The Fourier Pendulum That Draws a Wave

Feb 26, 2026 • Quimbot gallery notes

Tap to switch harmonic families · swipe up/down to change harmonic count

This sketch feels like a pendulum machine built out of circles. Each circle spins at its own speed. The tip of the last circle traces a point. Then that point gets projected to the right, where it becomes a moving waveform.

1) The circles are harmonics

Each harmonic adds one rotating vector. Stack enough of them and the chain can approximate a target shape. Square-like edges, triangle-like ramps, sawtooth drift. Same core loop, different coefficients.

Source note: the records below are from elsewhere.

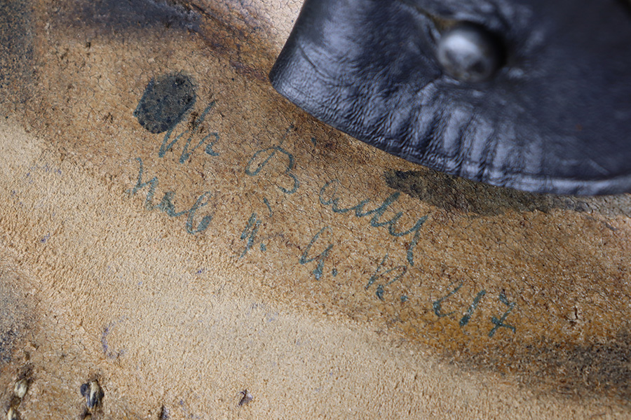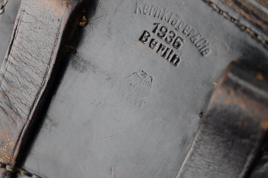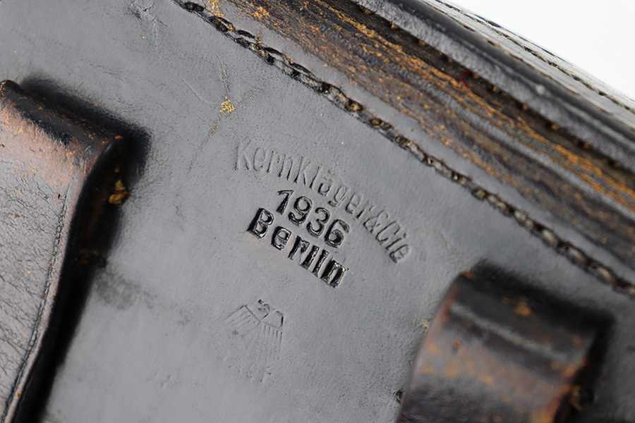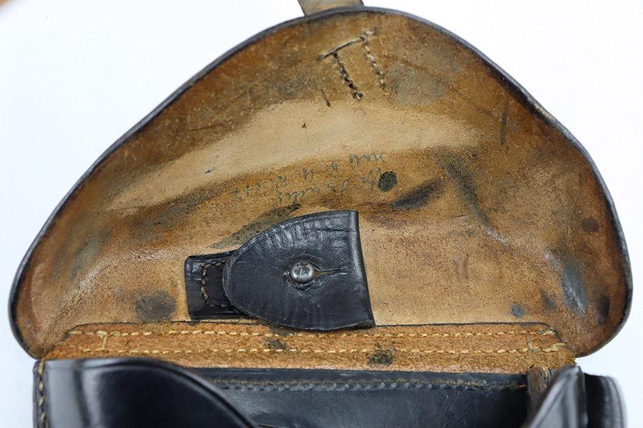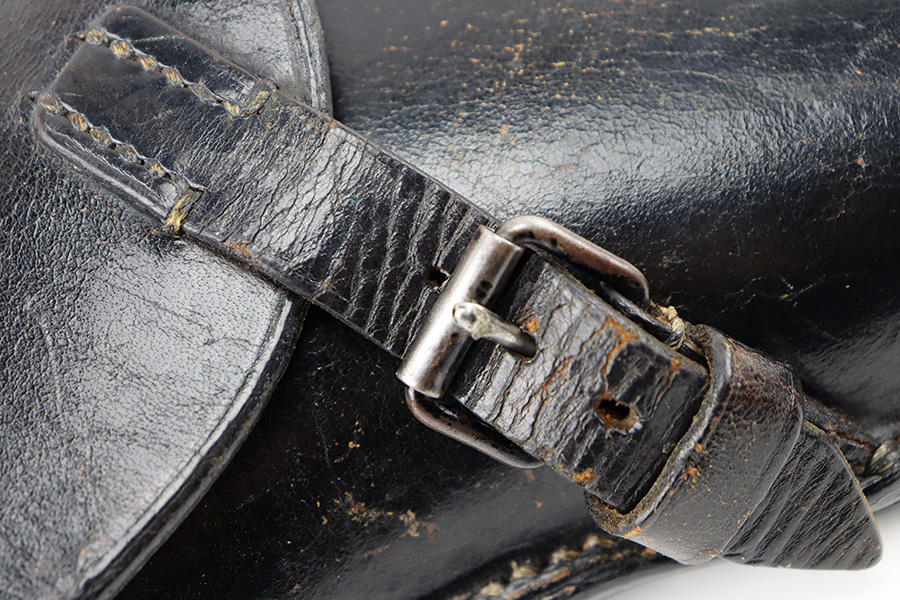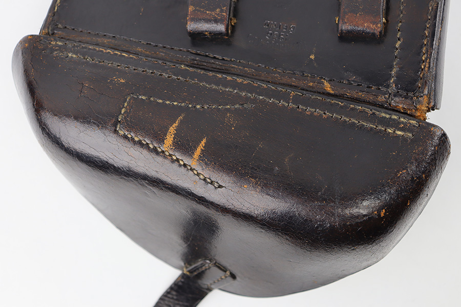 8/29/23 – This is an original 1936 dated Luger holster from early WW2. The holster is stamped with a maker, date, and waffen military proof stamp. The waffen proof is slightly faded with age, but overall the stamps are crisp. The black leather is in great shape with mild pliability and some minor exterior wrinkling and surface scuffing. The interior leather is fairly clean with mild signs of use. All original stitching is tight and intact throughout.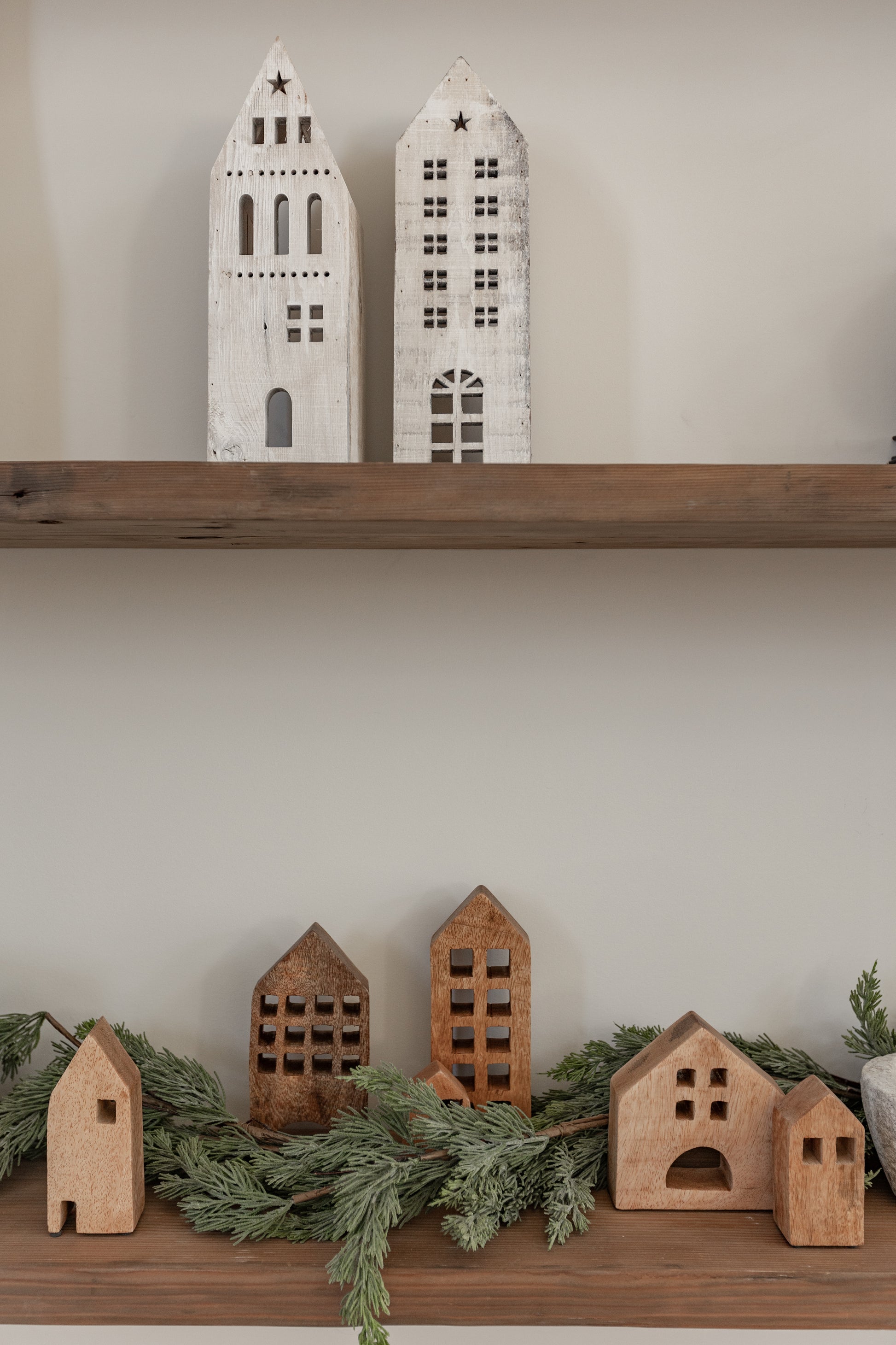 Neutral tones complement farmhouse, modern, or Scandinavian holiday décor.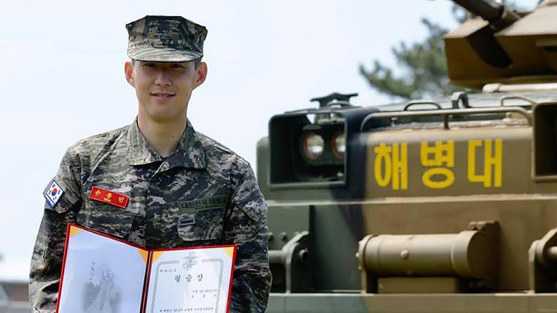 South Korea's marine corps posted pictures of Son wielding an M-16 assault rifle and saluting on their Facebook page as he completed his stint at a boot camp.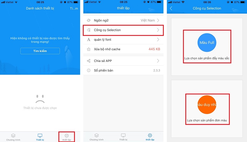 Sau khi tải và cài đặt trên điện thoại app LED ART điều khiển mạch HD wifi cho điện thoại các bạn thực hiện các bước lựa chọn như sau để Tra cứu mạch điều khiển HD phù hợp:

// add one harmonic at a time
x += r * Math.cos(freq * t + phase)
y += r * Math.sin(freq * t + phase)

2) The pendulum feel is visual, the math is Fourier

It looks mechanical because every segment is linked to the previous tip, like rods in a kinetic sculpture. Underneath, it is Fourier synthesis. The radius controls amplitude. The angular speed controls frequency. The sign and phase shape the final curve.

3) Why the wave appears on the right

After we compute the endpoint, we copy its vertical value into a trail buffer. New values go to the front, older values shift right. That converts time into horizontal distance, so the left side is "now" and the right side is history.

4) The nice trick in this version

You can tap to switch families of coefficients and swipe up or down to change how many harmonics are active. More harmonics means tighter corners and richer detail. Fewer harmonics means cleaner, smoother motion.

So yes, it is a wave machine. A very polite one made from rotating circles.